White Rice (100 G), Chicken Breast (100 G) and Avocados (1 Avocado, Ns As To Florida Or California)
Afternoon Snack
112 mg/dL
avg. peak value
Usually causes a medium spike
Avg. Food Score on Ultrahuman App
Ultrahuman Users got an UNSTABLE response
How to consume avocados, chicken breast, white rice without glucose spikes
Portion Control
Reduce the portion sizes of white rice, as it is the most likely contributor to spiking glucose levels in this meal combination.
Increase Fiber Intake
Add more high-fiber vegetables such as broccoli, spinach, or kale to your meal. This can help slow down the absorption of glucose.
Incorporate Healthy Fats
Include a small serving of nuts or seeds, like almonds or chia seeds, which can help stabilize blood sugar levels.
Swap White Rice
Replace white rice with a whole grain alternative like quinoa or barley, which may have a more gradual impact on glucose levels.
Protein Balance
Ensure that your meal includes an adequate amount of protein from the chicken breast to help slow down carbohydrate absorption.
Timing of Consumption
Consider consuming avocados and vegetables before eating the rice and chicken.

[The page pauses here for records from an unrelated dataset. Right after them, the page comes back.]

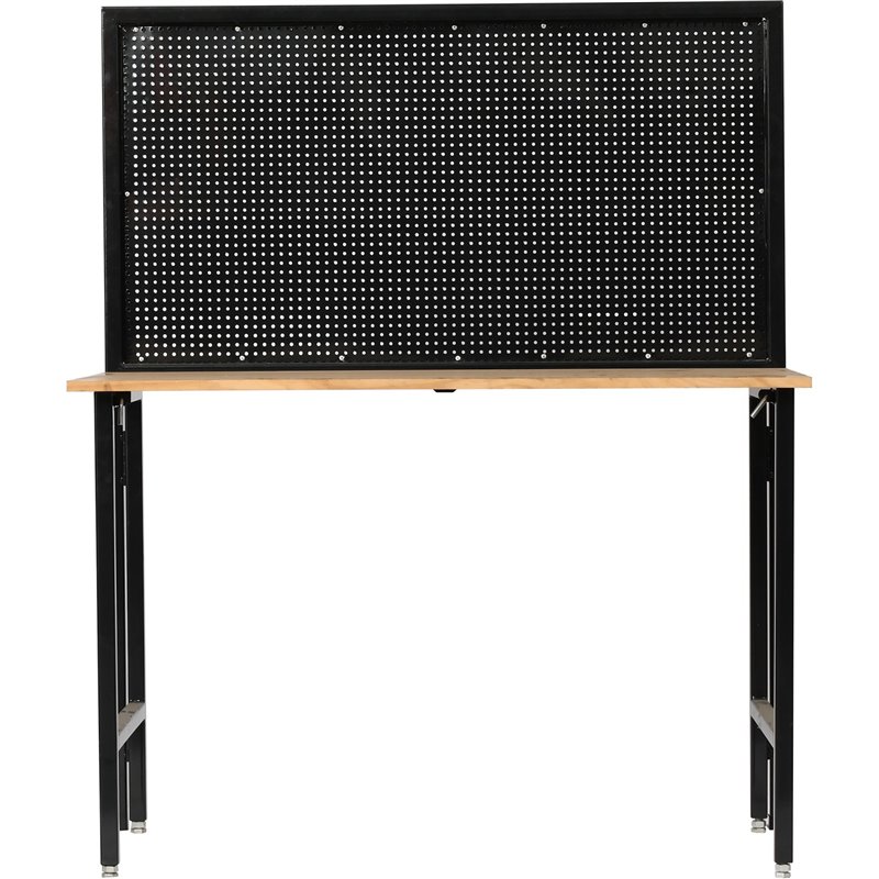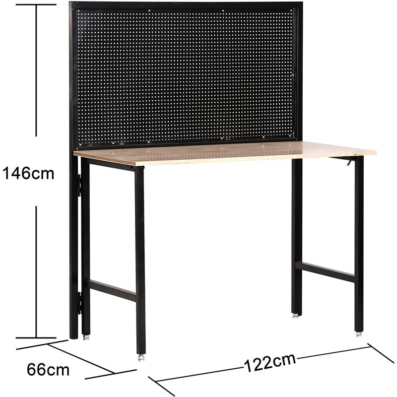 The durable 1.1mm thick steel frame and reinforced tabletop can handle up to 150kg, while the pegboard supports an additional 25kg of hanging tools—ideal for mechanics, carpenters, and anyone needing fast access to essential gear.
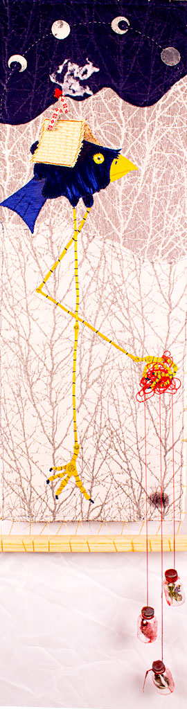 Como artista textil encuentro que las tramas y urdimbres de las fibras textiles naturales generan patrones semejantes a la vida misma: el hilo creador de la vida de cada individuo se cruza, entrelaza y decora de las vidas de otros, nuestra vida se nutre se enriquece, se rasga,se rompe, se mancha  y se remienda enriqueciendo nuestra existencia material en este mundo.
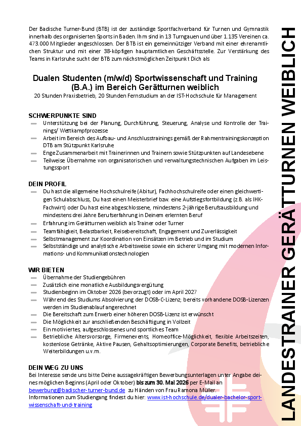 bewerbung@badischer-turner-bund.de zu Händen von Frau Ramona Müller.
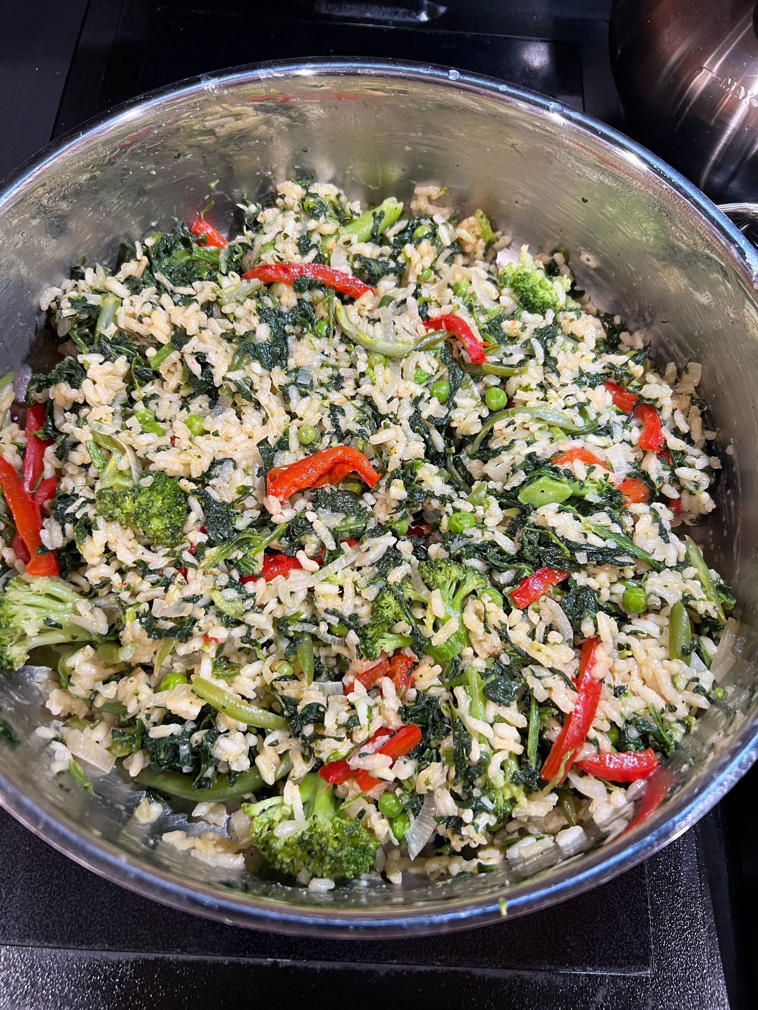A Passover Vegetable Risotto. The recipe said takes a half hour. Not for me, it was more like three, but worth it.

This may help in moderating the glucose response.
Hydration
Drink plenty of water before and during your meal, as staying hydrated can help with digestion and stabilization of blood sugar levels.
Herbs and Spices
Incorporate cinnamon or turmeric into your meal, as they have properties that may help in managing glucose levels.
Include a Legume
Add a serving of lentils or chickpeas to your meal for additional fiber and protein, which can help mitigate glucose spikes.
Monitor and Adjust
Keep track of how your body responds to different combinations and amounts, and adjust accordingly.